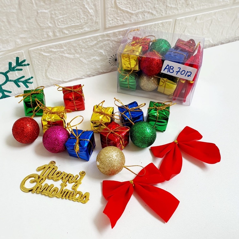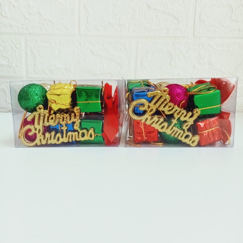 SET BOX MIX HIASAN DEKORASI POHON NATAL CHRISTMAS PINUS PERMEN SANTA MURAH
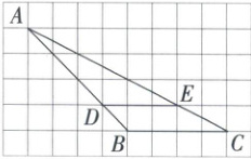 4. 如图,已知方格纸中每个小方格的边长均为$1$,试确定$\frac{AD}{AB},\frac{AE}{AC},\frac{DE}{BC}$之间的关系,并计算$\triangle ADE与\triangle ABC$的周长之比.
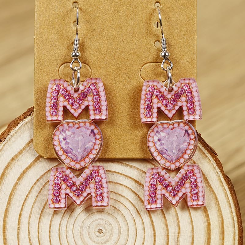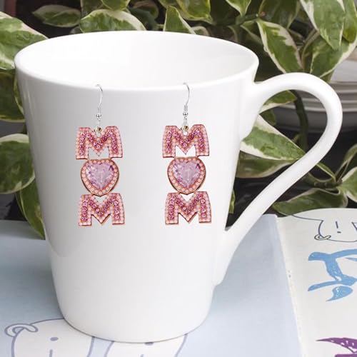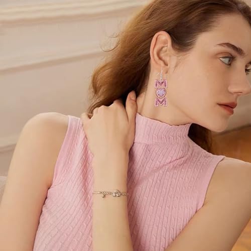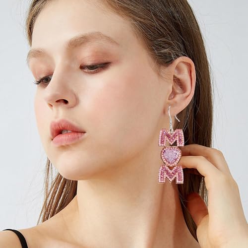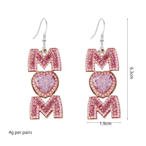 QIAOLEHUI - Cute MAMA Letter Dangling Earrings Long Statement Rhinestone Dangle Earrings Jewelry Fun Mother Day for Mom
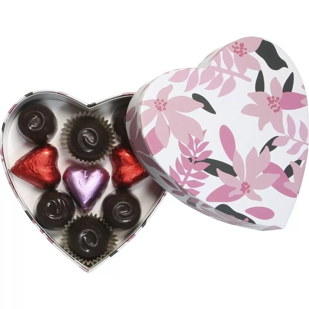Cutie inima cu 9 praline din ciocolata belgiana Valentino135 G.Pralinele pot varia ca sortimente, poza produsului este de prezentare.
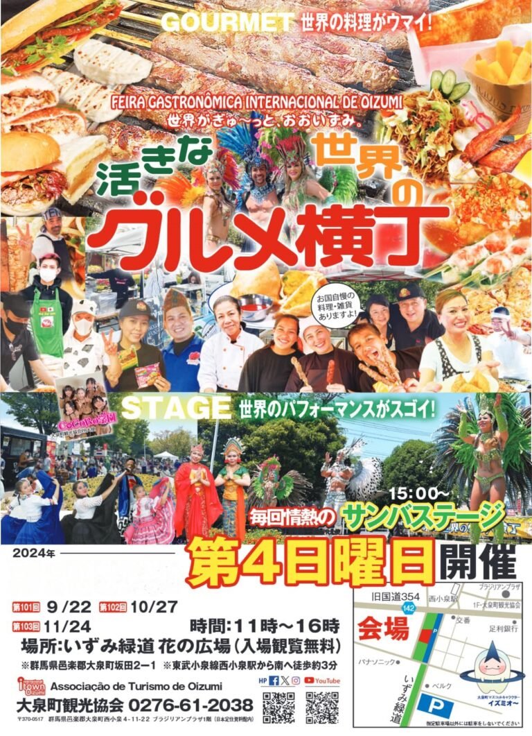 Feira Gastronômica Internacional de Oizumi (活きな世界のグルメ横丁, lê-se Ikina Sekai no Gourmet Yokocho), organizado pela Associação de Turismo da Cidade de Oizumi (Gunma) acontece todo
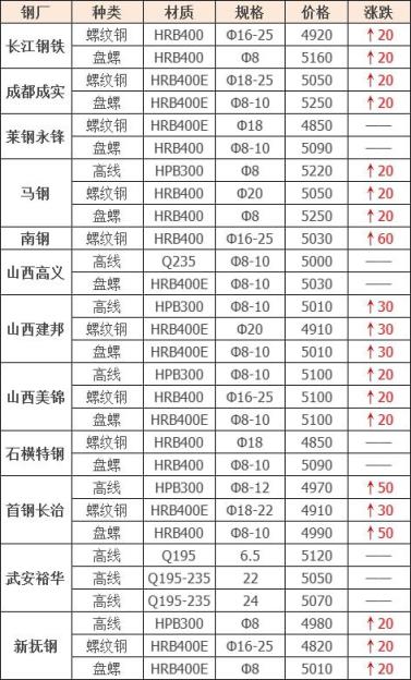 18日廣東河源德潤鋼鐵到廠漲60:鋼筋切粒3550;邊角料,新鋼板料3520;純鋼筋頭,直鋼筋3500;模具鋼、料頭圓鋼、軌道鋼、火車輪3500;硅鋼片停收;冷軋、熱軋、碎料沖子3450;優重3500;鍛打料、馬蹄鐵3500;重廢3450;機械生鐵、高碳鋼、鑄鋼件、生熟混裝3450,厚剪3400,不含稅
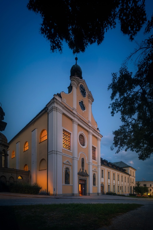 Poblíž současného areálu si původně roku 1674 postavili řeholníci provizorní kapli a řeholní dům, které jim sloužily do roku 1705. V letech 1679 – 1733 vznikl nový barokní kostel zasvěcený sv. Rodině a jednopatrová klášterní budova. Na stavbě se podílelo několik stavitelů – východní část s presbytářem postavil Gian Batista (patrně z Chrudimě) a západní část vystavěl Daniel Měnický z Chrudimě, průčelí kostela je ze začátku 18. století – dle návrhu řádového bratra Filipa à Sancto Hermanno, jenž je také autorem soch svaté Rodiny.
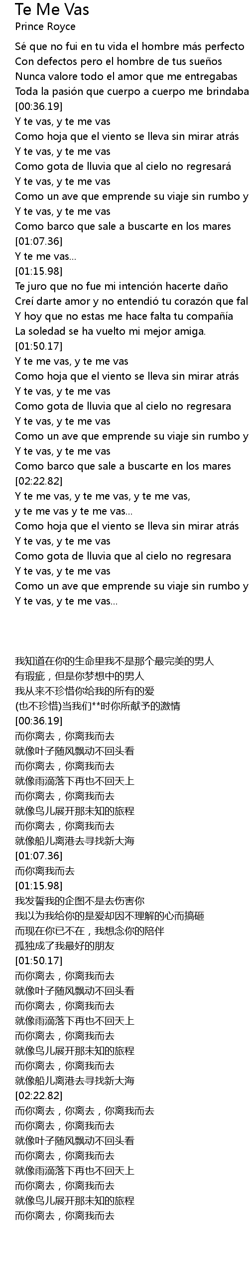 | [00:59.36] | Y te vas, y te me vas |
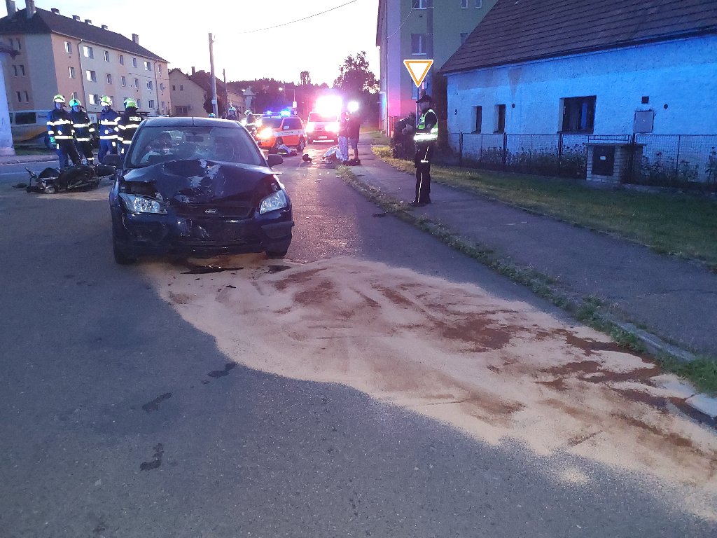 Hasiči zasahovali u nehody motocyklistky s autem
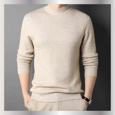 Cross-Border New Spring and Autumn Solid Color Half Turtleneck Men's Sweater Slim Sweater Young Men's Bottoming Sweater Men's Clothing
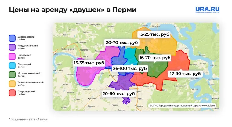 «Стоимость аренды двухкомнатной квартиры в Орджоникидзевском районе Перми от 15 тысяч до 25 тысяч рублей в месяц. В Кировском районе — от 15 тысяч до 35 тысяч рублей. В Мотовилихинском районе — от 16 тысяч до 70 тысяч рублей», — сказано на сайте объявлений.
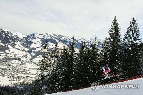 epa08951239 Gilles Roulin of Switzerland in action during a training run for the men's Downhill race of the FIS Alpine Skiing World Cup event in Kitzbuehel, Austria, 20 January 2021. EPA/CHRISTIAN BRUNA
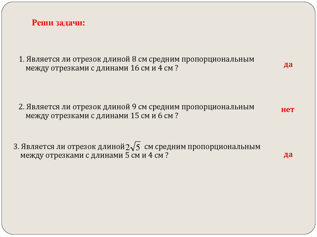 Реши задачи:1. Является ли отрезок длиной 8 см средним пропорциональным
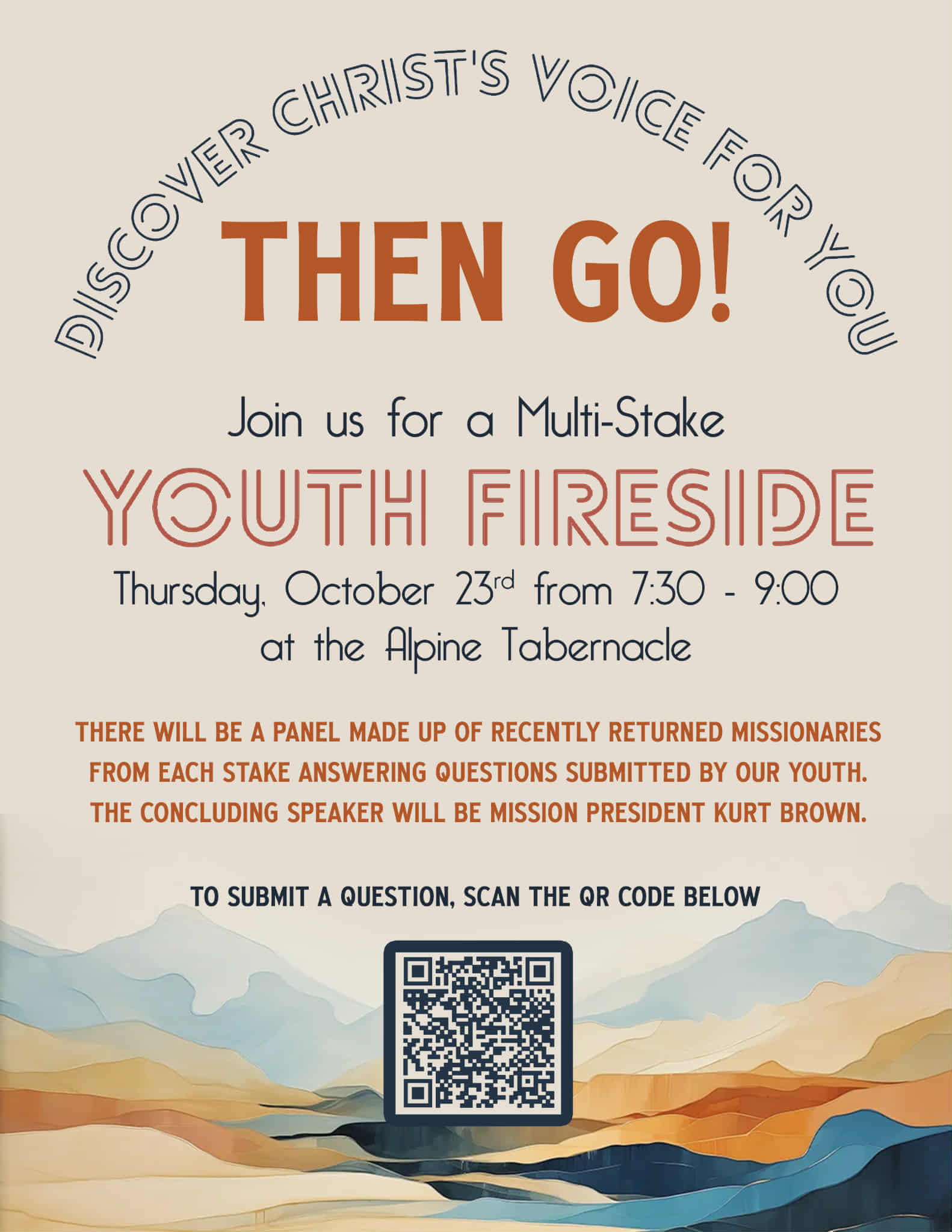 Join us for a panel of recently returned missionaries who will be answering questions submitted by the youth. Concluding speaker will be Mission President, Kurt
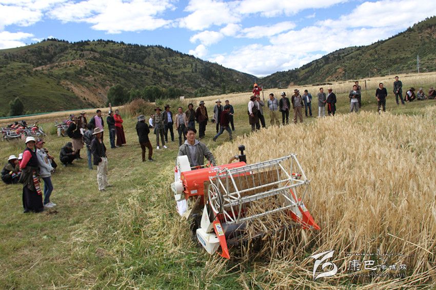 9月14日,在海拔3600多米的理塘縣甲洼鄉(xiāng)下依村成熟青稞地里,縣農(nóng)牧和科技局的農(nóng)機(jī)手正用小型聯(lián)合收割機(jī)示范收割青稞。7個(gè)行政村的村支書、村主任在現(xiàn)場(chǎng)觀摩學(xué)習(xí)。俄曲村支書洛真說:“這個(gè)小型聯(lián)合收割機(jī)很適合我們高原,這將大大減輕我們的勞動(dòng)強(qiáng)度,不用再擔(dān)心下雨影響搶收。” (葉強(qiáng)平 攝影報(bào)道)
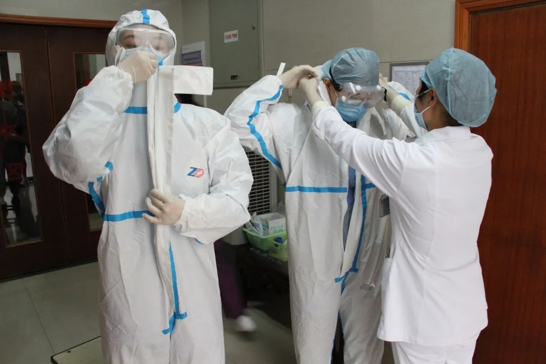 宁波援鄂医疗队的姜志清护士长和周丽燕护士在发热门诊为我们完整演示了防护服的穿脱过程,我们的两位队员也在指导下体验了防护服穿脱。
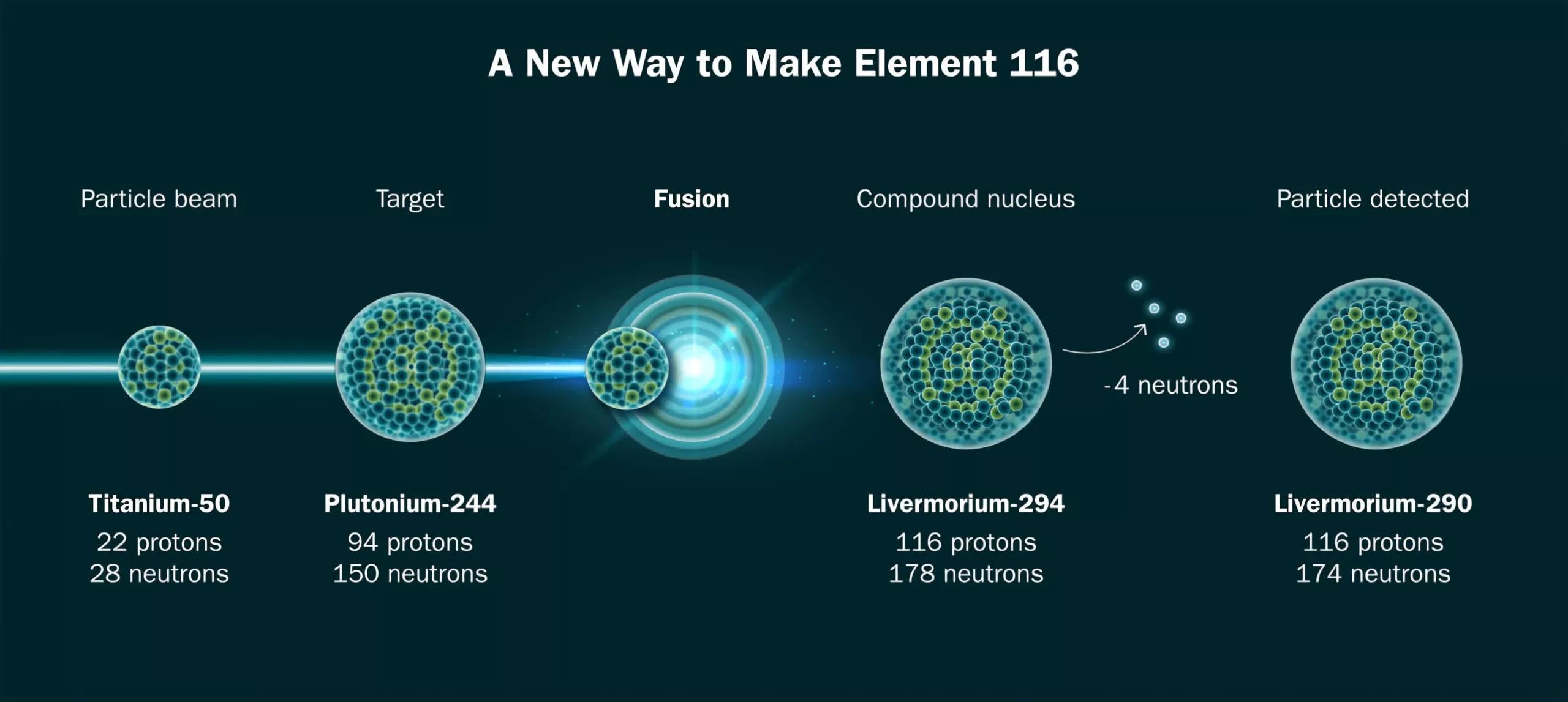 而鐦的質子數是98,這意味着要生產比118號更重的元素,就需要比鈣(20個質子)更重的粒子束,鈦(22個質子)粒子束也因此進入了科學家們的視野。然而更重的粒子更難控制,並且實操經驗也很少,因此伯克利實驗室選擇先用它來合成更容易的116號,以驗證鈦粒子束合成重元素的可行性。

### TASK ITEM
What are the lines above from the one with "epa08951239 Gilles Roulin" to the one with "宁波援鄂医疗队的姜志清护士长", both included? Reproduce them exactly, without pictures.

### ANSWER AREA
 epa08951239 Gilles Roulin of Switzerland in action during a training run for the men's Downhill race of the FIS Alpine Skiing World Cup event in Kitzbuehel, Austria, 20 January 2021. EPA/CHRISTIAN BRUNA
 Реши задачи:1. Является ли отрезок длиной 8 см средним пропорциональным
 Join us for a panel of recently returned missionaries who will be answering questions submitted by the youth. Concluding speaker will be Mission President, Kurt
 9月14日,在海拔3600多米的理塘縣甲洼鄉(xiāng)下依村成熟青稞地里,縣農(nóng)牧和科技局的農(nóng)機(jī)手正用小型聯(lián)合收割機(jī)示范收割青稞。7個(gè)行政村的村支書、村主任在現(xiàn)場(chǎng)觀摩學(xué)習(xí)。俄曲村支書洛真說:“這個(gè)小型聯(lián)合收割機(jī)很適合我們高原,這將大大減輕我們的勞動(dòng)強(qiáng)度,不用再擔(dān)心下雨影響搶收。” (葉強(qiáng)平 攝影報(bào)道)
 宁波援鄂医疗队的姜志清护士长和周丽燕护士在发热门诊为我们完整演示了防护服的穿脱过程,我们的两位队员也在指导下体验了防护服穿脱。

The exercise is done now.